Droughts are complex events that can be associated with significantly reduced precipitation, dry soils that fail to sustain crops, and reduced levels in reservoirs and other bodies of water that can imperil drinking supplies. A common measure called the Palmer Drought Severity Index classifies the strength of a drought by tracking precipitation and evaporation over time and comparing them to the usual variability one would expect at a given location.

Dai turned to results from the 22 computer models used by the IPCC in its 2007 report to gather projections about temperature, precipitation, humidity, wind speed, and Earth's radiative balance, based on current projections of greenhouse gas emissions. He then fed the information into the Palmer model to calculate the PDSI index. A reading of +0.5 to -0.5 on the index indicates normal conditions, while a reading at or below -4 indicates extreme drought. The most index ranges from +10 to -10 for current climate conditions, although readings below -6 are exceedingly rare, even during short periods of time in small areas.

By the 2030s, the results indicated that some regions in the United States and overseas could experience particularly severe conditions, with average decadal readings potentially dropping to -4 to -6 in much of the central and western United States as well as several regions overseas, and -8 or lower in parts of the Mediterranean. By the end of the century, many populated areas, including parts of the United States, could face readings in the range of -8 to -10, and much of the Mediterranean could fall to -15 to -20. Such readings would be almost unprecedented.

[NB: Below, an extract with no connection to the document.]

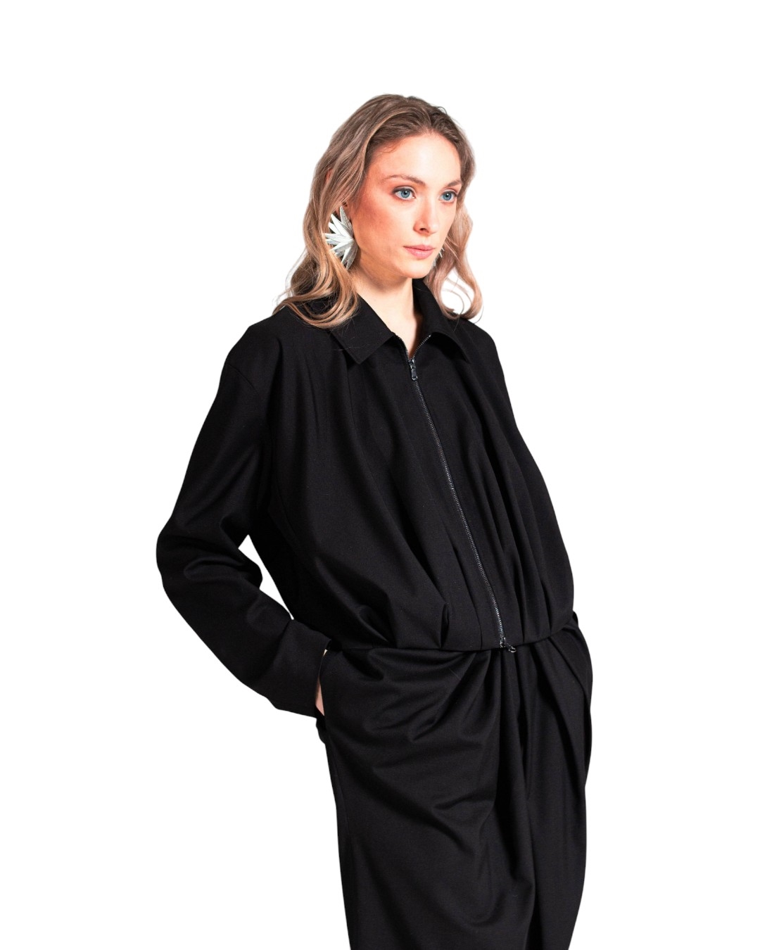 Бомбер на подкладе с застёжка молнией. Отложной воротник и сложный крой с объёмной драпировкой делает образ сложнее. Также у бомбера создано увеличенное плечо.

Dai cautions that global climate models remain inconsistent in capturing precipitation changes and other atmospheric factors, especially at the regional scale. However, the 2007 IPCC models were in stronger agreement on high- and low-latitude precipitation than those used in previous reports, says Dai.

There are also uncertainties in how well the Palmer index captures the range of conditions that future climate may produce. The index could be overestimating drought intensity in the more extreme cases, says Dai. On the other hand, the index may be underestimating the loss of soil moisture should rain and snow fall in shorter, heavier bursts and run off more quickly. Such precipitation trends have already been diagnosed in the United States and several other areas over recent years, says Dai.

"The fact that the current drought index may not work for the 21st century climate is itself a troubling sign," Dai says.